→ WORK TO BE COMPLETED: Pictures in the entries below are excluded; copy only the lines from the one containing "枠外を黒で塗った右側を黄泉で" to the one containing "三月的閩侯荊溪鎮(zhèn)", both included.

→ MATERIAL FOR THE TASK:
========================
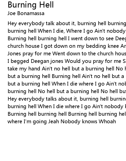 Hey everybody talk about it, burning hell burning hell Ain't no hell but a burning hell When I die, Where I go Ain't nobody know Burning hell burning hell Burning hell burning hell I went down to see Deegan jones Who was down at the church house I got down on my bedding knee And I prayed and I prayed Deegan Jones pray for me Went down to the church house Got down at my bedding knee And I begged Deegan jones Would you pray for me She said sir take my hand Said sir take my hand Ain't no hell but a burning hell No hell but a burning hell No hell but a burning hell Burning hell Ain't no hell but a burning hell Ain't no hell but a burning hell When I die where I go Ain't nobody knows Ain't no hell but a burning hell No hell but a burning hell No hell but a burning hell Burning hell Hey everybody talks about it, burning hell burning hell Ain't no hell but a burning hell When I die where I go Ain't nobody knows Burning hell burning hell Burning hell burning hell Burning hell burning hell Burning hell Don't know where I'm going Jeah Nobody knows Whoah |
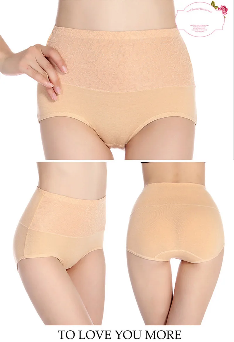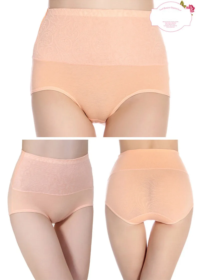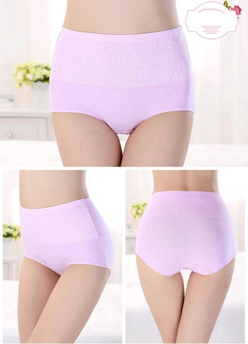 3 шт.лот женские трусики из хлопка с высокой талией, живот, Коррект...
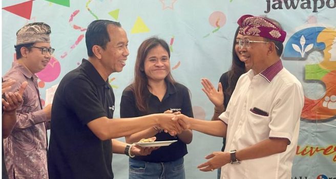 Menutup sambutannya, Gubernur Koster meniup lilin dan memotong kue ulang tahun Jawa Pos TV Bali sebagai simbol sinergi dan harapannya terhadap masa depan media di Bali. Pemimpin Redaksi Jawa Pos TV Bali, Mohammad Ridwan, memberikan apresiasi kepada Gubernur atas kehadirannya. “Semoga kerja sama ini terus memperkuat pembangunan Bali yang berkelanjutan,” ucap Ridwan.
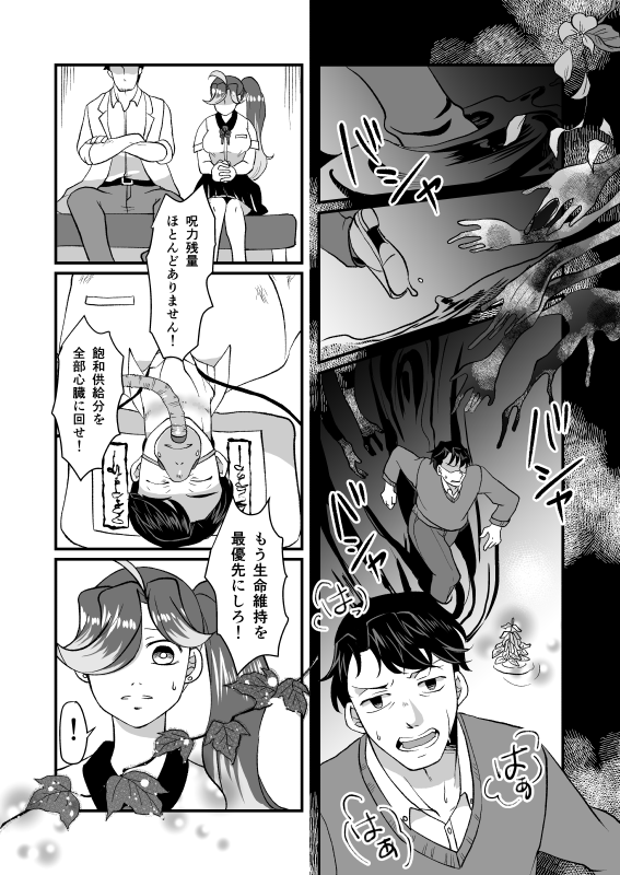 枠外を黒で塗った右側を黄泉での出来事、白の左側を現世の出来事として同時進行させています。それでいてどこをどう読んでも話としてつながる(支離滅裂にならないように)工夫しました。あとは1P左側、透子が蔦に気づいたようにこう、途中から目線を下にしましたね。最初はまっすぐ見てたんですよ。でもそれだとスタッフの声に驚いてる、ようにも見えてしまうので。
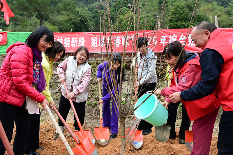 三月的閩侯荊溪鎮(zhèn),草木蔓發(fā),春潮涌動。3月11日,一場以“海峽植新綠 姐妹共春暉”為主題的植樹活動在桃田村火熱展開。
========================
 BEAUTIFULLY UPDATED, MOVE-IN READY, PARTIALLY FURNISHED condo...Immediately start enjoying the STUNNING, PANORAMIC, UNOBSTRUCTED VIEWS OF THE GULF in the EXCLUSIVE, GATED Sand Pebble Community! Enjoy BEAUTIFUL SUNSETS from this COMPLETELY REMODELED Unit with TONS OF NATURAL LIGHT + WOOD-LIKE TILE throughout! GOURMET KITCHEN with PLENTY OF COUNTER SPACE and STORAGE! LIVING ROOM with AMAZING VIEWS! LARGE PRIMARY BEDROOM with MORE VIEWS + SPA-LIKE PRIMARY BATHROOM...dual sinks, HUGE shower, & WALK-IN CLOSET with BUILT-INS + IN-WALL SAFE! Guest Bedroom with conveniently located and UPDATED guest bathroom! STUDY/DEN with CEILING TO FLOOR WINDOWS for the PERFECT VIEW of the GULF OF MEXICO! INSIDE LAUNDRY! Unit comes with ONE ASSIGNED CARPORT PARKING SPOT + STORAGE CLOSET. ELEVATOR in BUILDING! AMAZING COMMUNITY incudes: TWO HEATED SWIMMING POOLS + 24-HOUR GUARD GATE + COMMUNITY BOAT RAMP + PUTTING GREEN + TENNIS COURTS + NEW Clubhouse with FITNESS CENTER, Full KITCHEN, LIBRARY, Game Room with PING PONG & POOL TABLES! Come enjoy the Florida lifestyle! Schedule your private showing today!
========================
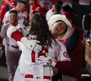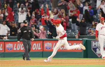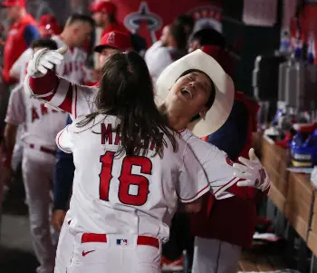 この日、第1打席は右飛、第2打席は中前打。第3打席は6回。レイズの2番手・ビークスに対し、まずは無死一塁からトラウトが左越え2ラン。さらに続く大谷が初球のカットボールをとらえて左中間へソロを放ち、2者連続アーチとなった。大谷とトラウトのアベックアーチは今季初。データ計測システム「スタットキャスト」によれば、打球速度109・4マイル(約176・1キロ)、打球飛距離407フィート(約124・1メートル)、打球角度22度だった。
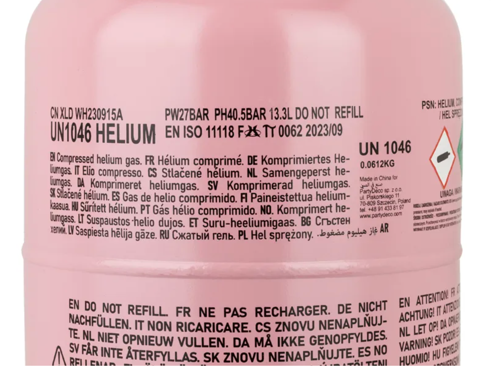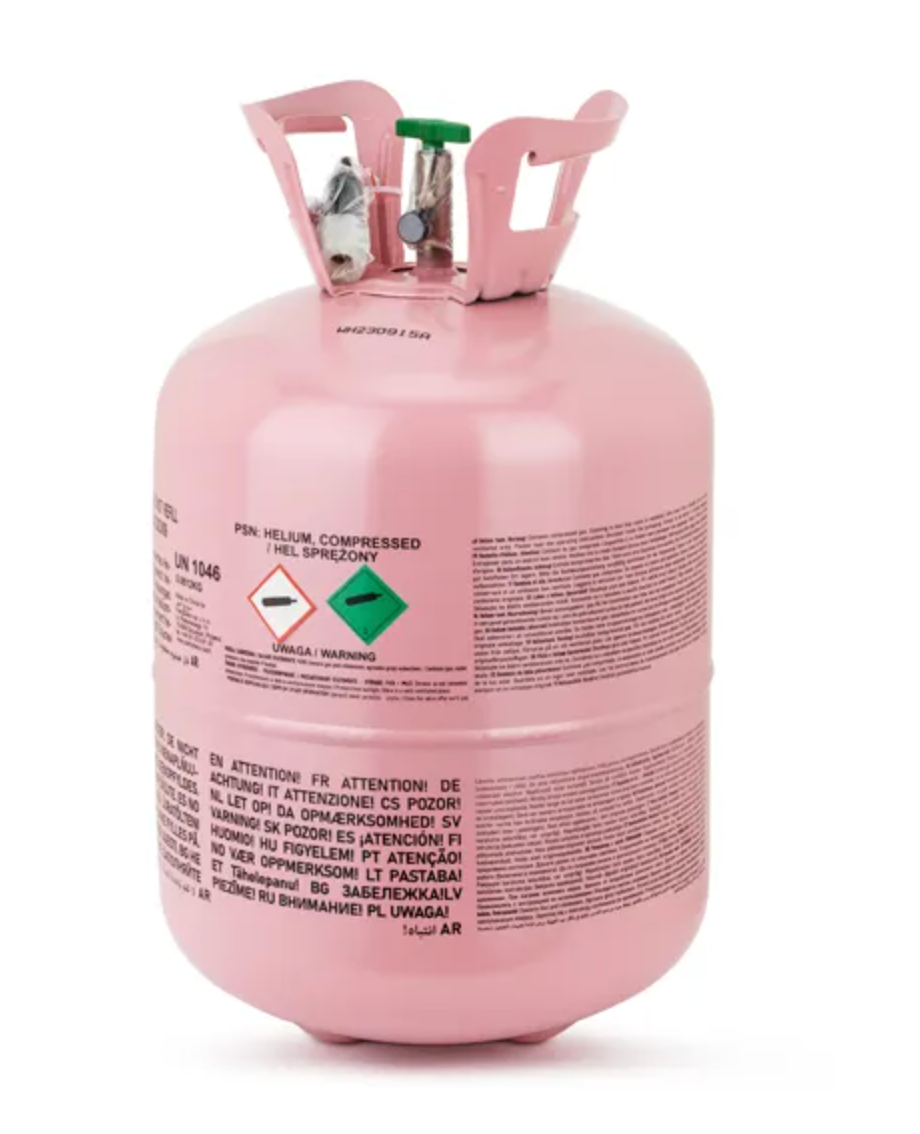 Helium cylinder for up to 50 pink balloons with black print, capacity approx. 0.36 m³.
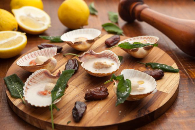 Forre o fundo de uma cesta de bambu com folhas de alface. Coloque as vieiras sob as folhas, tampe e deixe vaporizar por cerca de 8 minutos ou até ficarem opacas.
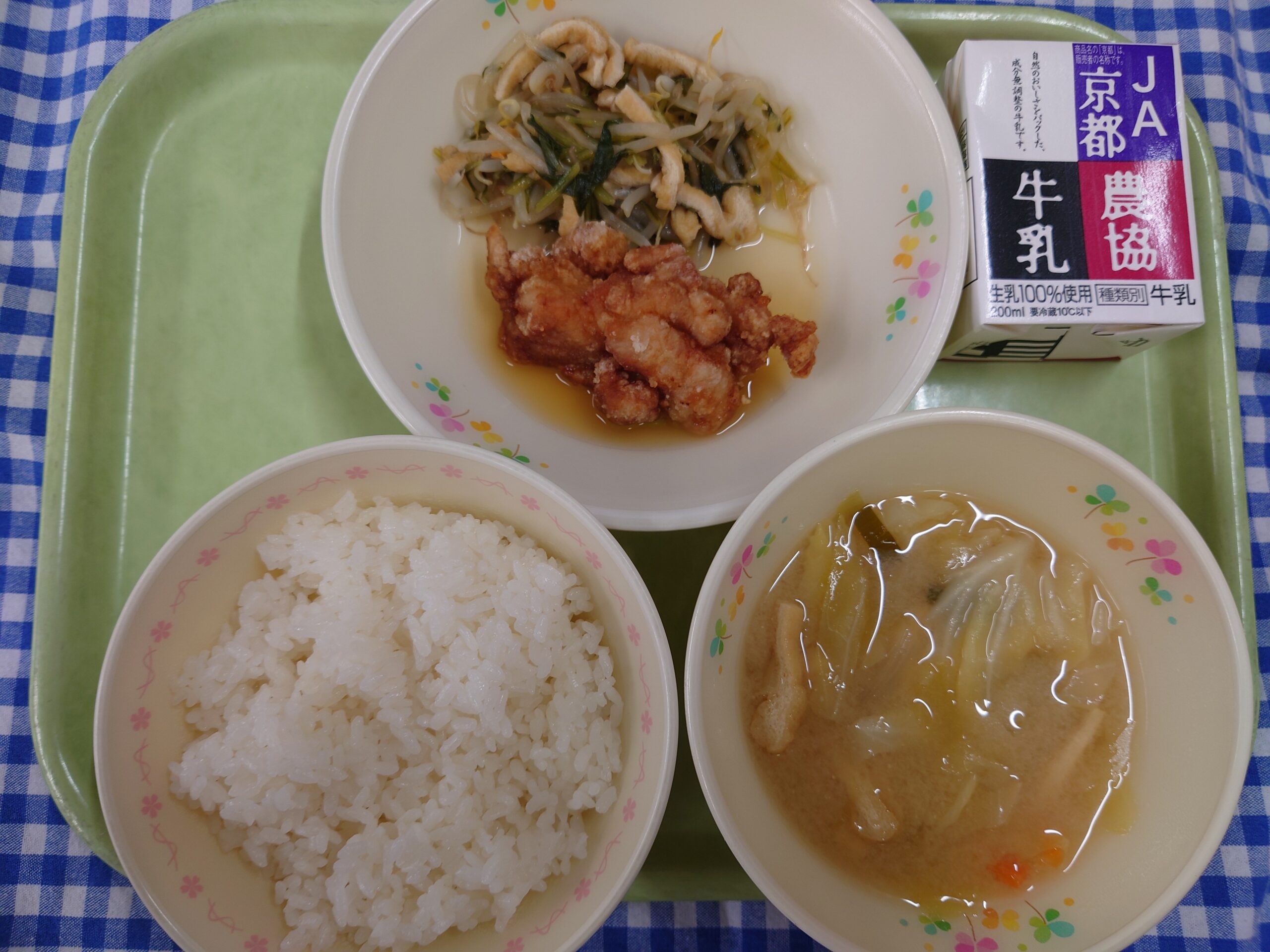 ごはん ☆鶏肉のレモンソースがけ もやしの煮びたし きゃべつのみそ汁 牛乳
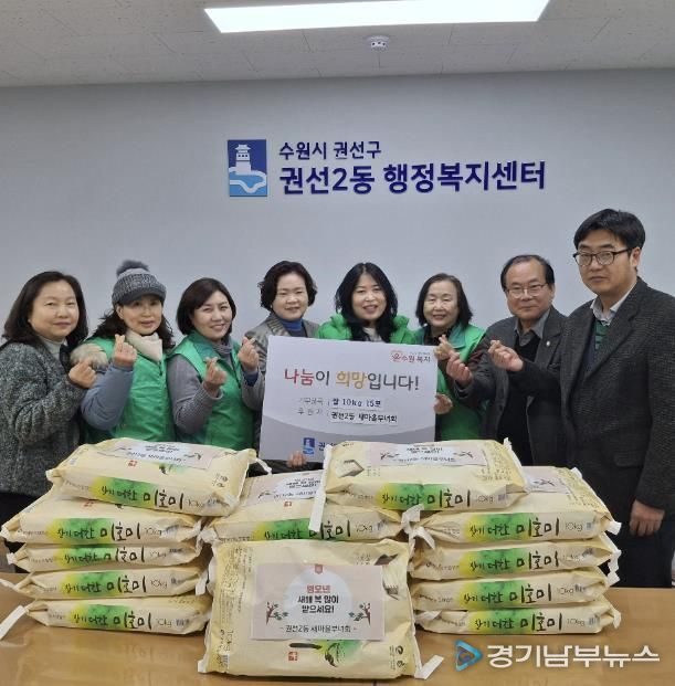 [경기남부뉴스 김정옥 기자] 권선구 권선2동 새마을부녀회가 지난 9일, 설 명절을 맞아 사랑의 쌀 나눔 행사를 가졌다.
========================
→ PROBLEM SOLUTION:
 枠外を黒で塗った右側を黄泉での出来事、白の左側を現世の出来事として同時進行させています。それでいてどこをどう読んでも話としてつながる(支離滅裂にならないように)工夫しました。あとは1P左側、透子が蔦に気づいたようにこう、途中から目線を下にしましたね。最初はまっすぐ見てたんですよ。でもそれだとスタッフの声に驚いてる、ようにも見えてしまうので。
 三月的閩侯荊溪鎮(zhèn),草木蔓發(fā),春潮涌動。3月11日,一場以“海峽植新綠 姐妹共春暉”為主題的植樹活動在桃田村火熱展開。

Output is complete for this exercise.